エルミタ的速攻撮って出しレビュー Vol.1023
2021.07.17 更新
文:エルミタージュ秋葉原編集部 池西 樹/撮影:松枝 清顕
テストセッションのラストは「Radeon PRO W6800」に実装されている外排気クーラーの性能をチェックしていこう。消費電力の計測と同じく、ストレステストには「Blender:OPTIX:victor」を使用している。
冷却ファンの回転数はいずれも最高2,000rpmでほぼ同じ。ブロワーファン特有のノイズがあるため、コンシューマ向けグラフィックスカードに実装されている、メーカー各社のオリジナルクーラーに比べるとたしかにノイズは大きい。とは言え、バルク状態でもうるさいと感じるほどではなく、PCに組み込めばそれほど気にならないだろう。

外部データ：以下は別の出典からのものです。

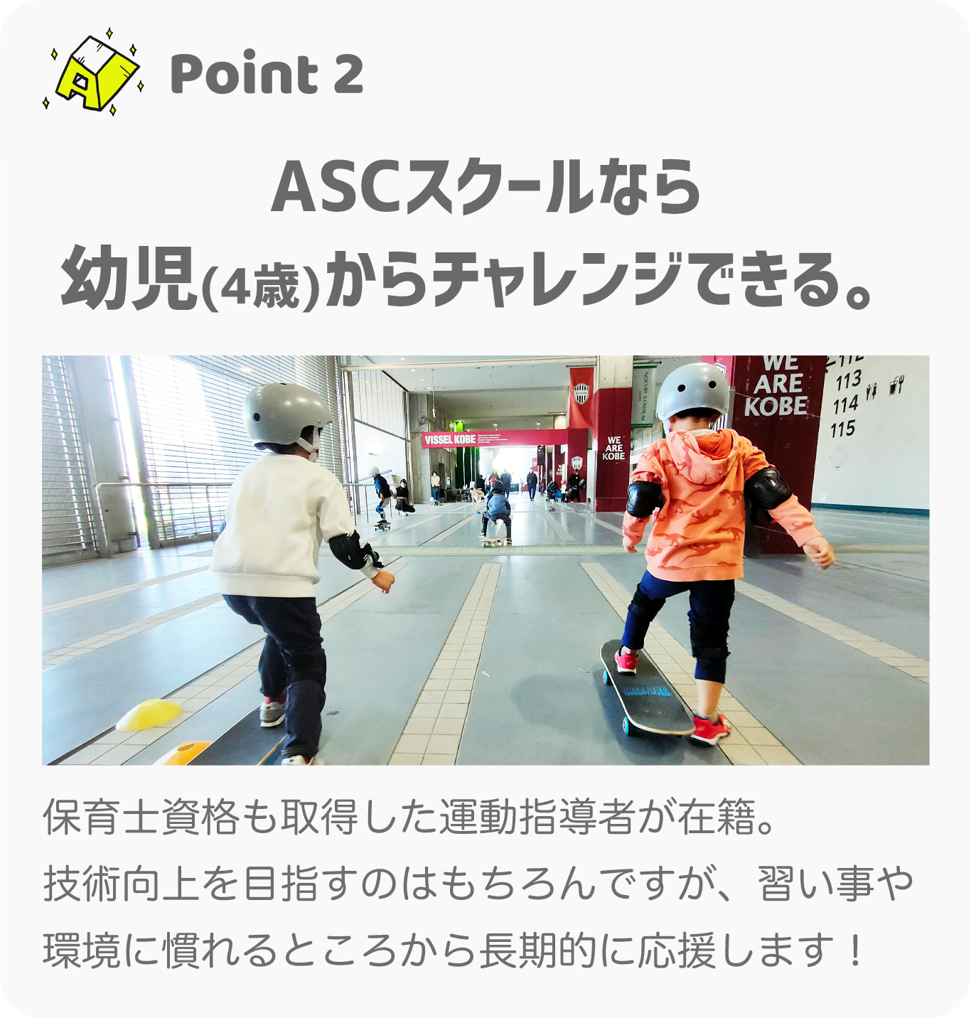スケートボードのスキルアップはもちろん、楽しい幼児向けのコーディネーショントレーニングも取り入れて行うクラスです。

またGPUの温度は、ホットスポット温度でも70℃、GPU温度は65℃で頭打ち。「Radeon Pro WX 9100」に比べると処理時間が短いため温度が上がりきっていない可能性もあるが、いずれも10℃以上も低く、「Radeon PRO W6800」の外排気クーラーは十分な冷却性能を備えている事がわかる。
最近のAMDのワークステーション向けグラフィックスカードは、「RDNA」アーキテクチャを採用する先代モデル「Radeon Pro W5700」はあくまでもミドルレンジ向け。その前に登場した「Radeon Pro VII」は、アーキテクチャ的にはマイナーチェンジに留まることから、未だ3世代前の「Radeon Pro WX 9100」を使い続けているというクリエイターも少なくないだろう。
そんなクリエイターにとって、「Radeon PRO W6800」は久しぶりに買い換える価値のあるハイエンドグラフィックスカードだ。OpenGL系のベンチマークでは多くのテストで約1.6倍、最大で2倍以上のパフォーマンスを発揮。さらにメモリ容量も2倍の32GBに拡張され、これまでなら複数枚のグラフィックスカードが必要だった大規模なプロジェクトも処理できるようになった。
それでいて消費電力は「Radeon Pro WX 9100」よりも30W以上も低下。GPUの発熱も抑えられており、正直買い替えるにあたり欠点は見当たらない。コンシューマ向けグラフィックス性能を飛躍的に向上させた「RDNA 2」アーキテクチャだが、ワークステーション向けの処理でもその力を存分に発揮してくれることだろう。